# Fishing lures at night



## Bravo87 (Jun 19, 2014)

I know fish strike out of hunger and reaction for the most part. Fish are attracted by sound, vision, and smell. Knowing these things, I want to know if fishing an artificial lure such as a Mirrodine, DOA shrimp, etc at night would work. Fishing at night has been the most productive with live or cut bait. Has anyone had any luck with lures at night? I checked the forum and couldn't find anything. Thanks


----------



## Kim (Aug 5, 2008)

If you fish dock lights at night lures can be effective but nothing beats a live shrimp under a dock light.


----------



## recess (Oct 8, 2007)

The DOA glow shrimp and the yozuri's pins minnow under dock lights work great. Soft plastics skipped weightless also has done well for me .


----------



## southern yakker (Jun 25, 2012)

I've had great luck with chartreuse soft plastics made by mirrolure. The brighter the color the better with them. As for gulp it has the smell but the action isn't as good as the mirrolures soft plastics. Mirrodines also work well and for ladyfish/ bluefish they will tear up a gotcha or spoon at night.


----------



## ThaFish (Feb 27, 2013)

Gotcha Plastics 8" twister tails in the chartreuse color on a red jighead, Bomber Lures Super Pogey rattletraps, & Bomber Lures Badonkadonk topwaters in any color are all killer at night for bull reds.


----------



## Kim (Aug 5, 2008)

The Yo Zuri Pins S (sinking) is deadly on dock lights.


----------



## Bravo87 (Jun 19, 2014)

So dock lights so the fish can see the lure. Top water because the fish will hear the lure. Anything bright colored will give the fish a better chance to see it but it sounds like live or freshly dead bait is the best option at night. Am I tracking?


----------



## gigability (May 6, 2014)

caught thousands and thousands of pounds of lady fish and pompanos at night in the inky blackness don't know how them fish find it, a goofy jig white.


----------



## ThaFish (Feb 27, 2013)

Bravo87 said:


> ... but it sounds like live or freshly dead bait is the best option at night.

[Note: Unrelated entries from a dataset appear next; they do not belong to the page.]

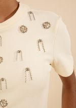 Blusa Morena Rosa Ajustada Decote Careca Manga Curta Padrão Off White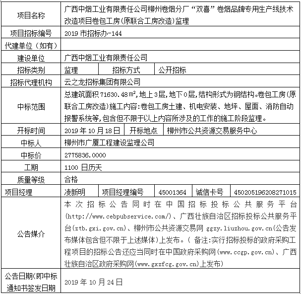 广西中烟工业有限责任公司柳州卷烟分厂“双喜”卷烟品牌专用生产线技术改造项目卷包工房(原联合工房改造)监理中标公告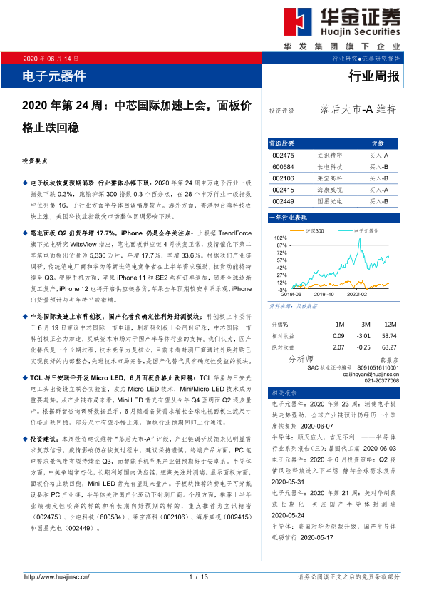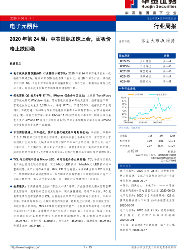 【华金证券】【20200614】电子元器件2020年第24周:中芯国际加速上会,面板价格止跌回稳-13页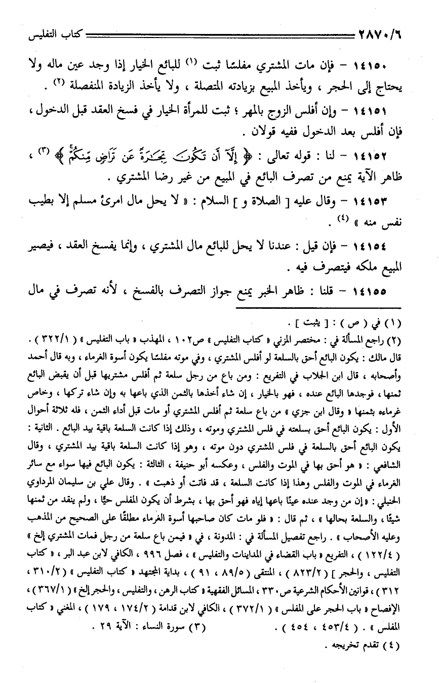 14150 - فإن مات المشتري مفلسا ثبت للبائع الخيار إذا وجد عين ماله ولا يحتاج إلى الحجر، ويأخذ المبيع بزيادته المتصلة، ولا يأخذ الزيادة المنفصلة.

I have had MANY nights where artificials were the only way to catch fish. Live/dead bait has its nights, but lures often out-fish it.


----------



## gigability (May 6, 2014)

*see in the dark*

white jig in the dark. 32 degrees out side no need for ice yet


----------



## Bravo87 (Jun 19, 2014)

Good night!!!! What did you do with all those lady fish?


----------



## Bravo87 (Jun 19, 2014)

ThaFish said:


> I have had MANY nights where artificials were the only way to catch fish. Live/dead bait has its nights, but lures often out-fish it.


What are the conditions and lures when that's the case? I'm tired of striking out at night


----------



## gigability (May 6, 2014)

Bravo87 said:


> Good night!!!! What did you do with all those lady fish?


fish house they pay $ 1.00 lb for them


----------



## Bravo87 (Jun 19, 2014)

Wow! You did great that night!


----------



## ThaFish (Feb 27, 2013)

Bravo87 said:


> What are the conditions and lures when that's the case? I'm tired of striking out at night


Shoot me a PM if you wanna know more.


----------



## Bravo87 (Jun 19, 2014)

Pm sent


----------



## Justin618 (Aug 18, 2013)

Shrimp around docks. Or a top water on the gulf. We did this at night during full moon and got lots of bull reds and blues


----------



## Bravo87 (Jun 19, 2014)

I'll try the top water deal next time we are out. Shrimp only get me pinfish. I'm over it


----------



## Justin618 (Aug 18, 2013)

Bravo87 said:


> I'll try the top water deal next time we are out. Shrimp only get me pinfish. I'm over it


You leaving shrimp out and sitting? Cast it and slow retrieve. No jigging etc. Just slow retrieve.

Or even under a popping cork. When i get to feeling better we'll go and try


----------



## fishmagician (Jun 4, 2014)

That makes for a slippery deck!!


----------



## coastie83 (Apr 20, 2014)

gigability said:


> caught thousands and thousands of pounds of lady fish and pompanos at night in the inky blackness don't know how them fish find it, a goofy jig white.


I've seen your pictures on previous posts. Id take any advice you'd give me.


----------



## Bravo87 (Jun 19, 2014)

Justin618 said:


> You leaving shrimp out and sitting? Cast it and slow retrieve. No jigging etc. Just slow retrieve.
> 
> Or even under a popping cork. When i get to feeling better we'll go and try


Sounds good


----------